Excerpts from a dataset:
※ ※ ※
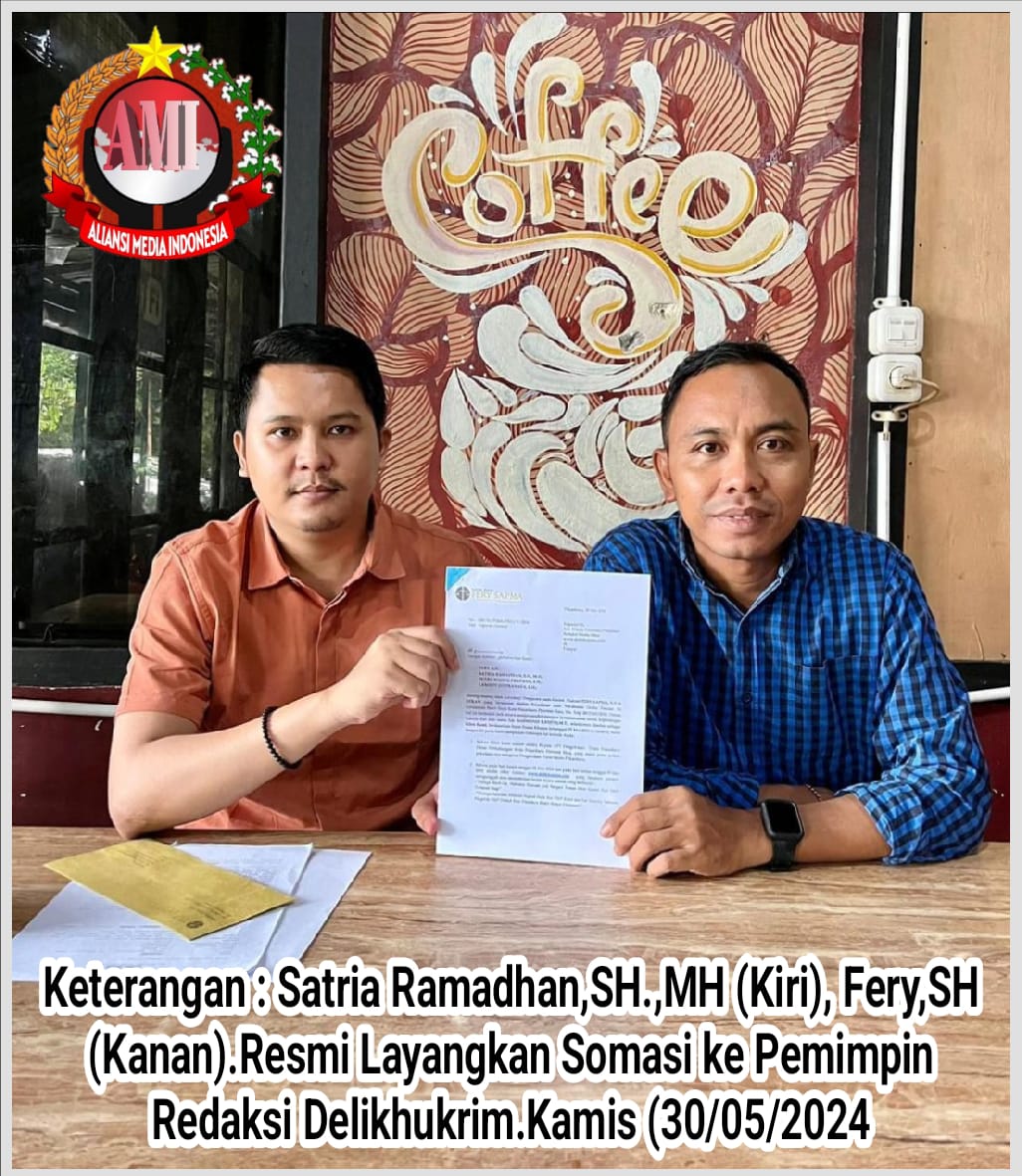 Melalui Kantor Hukum Fery Sapma layangkan Somasi (Teguran), yang ditujukan kepada Sdr Windy Priyanto selaku Pemimpin Redaksi media siber www.delikhukrim.com dengan nomor surat : 028/S1/FS&R/PKU/V/2024 tertanggal 28 Mei 2024.
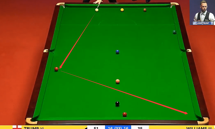 特鲁姆普此时选择用十字回球的方式,连攻带防进行翻袋尝试。而这球,特鲁姆普也成功翻袋得手。接着,特鲁姆普选择防守,不过质量不高。马克威廉姆斯也防守一杆,接着特鲁姆普故伎重施,再度选择十字回球,红球再度翻袋命中!这一次,特鲁姆普没有再浪费机会,打进咖啡球并准确校位找到红球。随后,特鲁姆普打进最后一颗红球,完成超分,从而17-16击败对手。
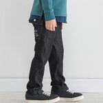 BeBeのパンツにしてはゆったりしてそうだったのでジャストサイズを購入しました。それでもゆとりがあり、来年も着れそうな感じがします。息子は細身なのでワンサイズアップしていたら今年は着れなかったと思います。デザインもとても素敵です。ブラックカッコいいです。
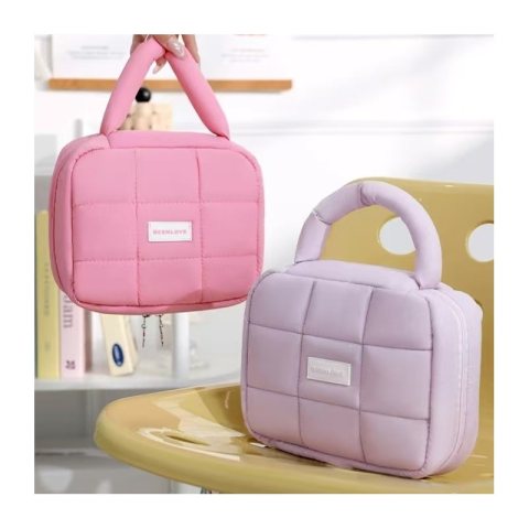 Kosmetyczka damska pikowana kuferek z rączką 21 x 17 x 8cm KS139R
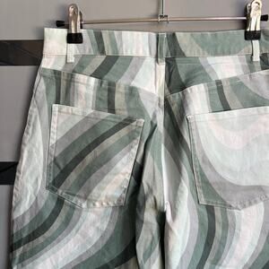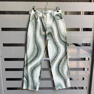 Miaou 'Fargo' pants in Swerve colorway. Various shades of green and white swirls throughout. High waisted with a straight, relaxed leg fit. 5-pocket styling. Zip and button closure. In great condition - very light pink marking on front of jeans that is barely noticeable (see last picture). Size medium - 13.5" waist; 11" rise; 29" inseam.
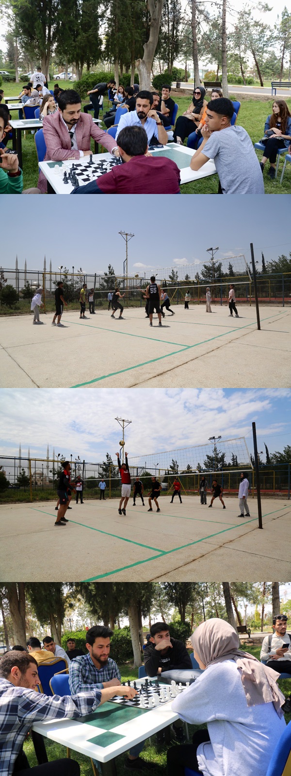 Harran Üniversitesi Eyyübiye kampusunda bulunan Sosyal Bilimler Meslek Yüksekokulu bahçesinde satranç ve voleybol turnuvaları gerçekleşti. Turnuvada finale kalan program öğrencileri , hoca karması ile karşılaşacak.
※ ※ ※
About this task: Exclude all pictures and return precisely the lines from the one containing "Kosmetyczka damska pikowana" through the closing line of the data.

Solved problem:
 Kosmetyczka damska pikowana kuferek z rączką 21 x 17 x 8cm KS139R
 Miaou 'Fargo' pants in Swerve colorway. Various shades of green and white swirls throughout. High waisted with a straight, relaxed leg fit. 5-pocket styling. Zip and button closure. In great condition - very light pink marking on front of jeans that is barely noticeable (see last picture). Size medium - 13.5" waist; 11" rise; 29" inseam.
 Harran Üniversitesi Eyyübiye kampusunda bulunan Sosyal Bilimler Meslek Yüksekokulu bahçesinde satranç ve voleybol turnuvaları gerçekleşti. Turnuvada finale kalan program öğrencileri , hoca karması ile karşılaşacak.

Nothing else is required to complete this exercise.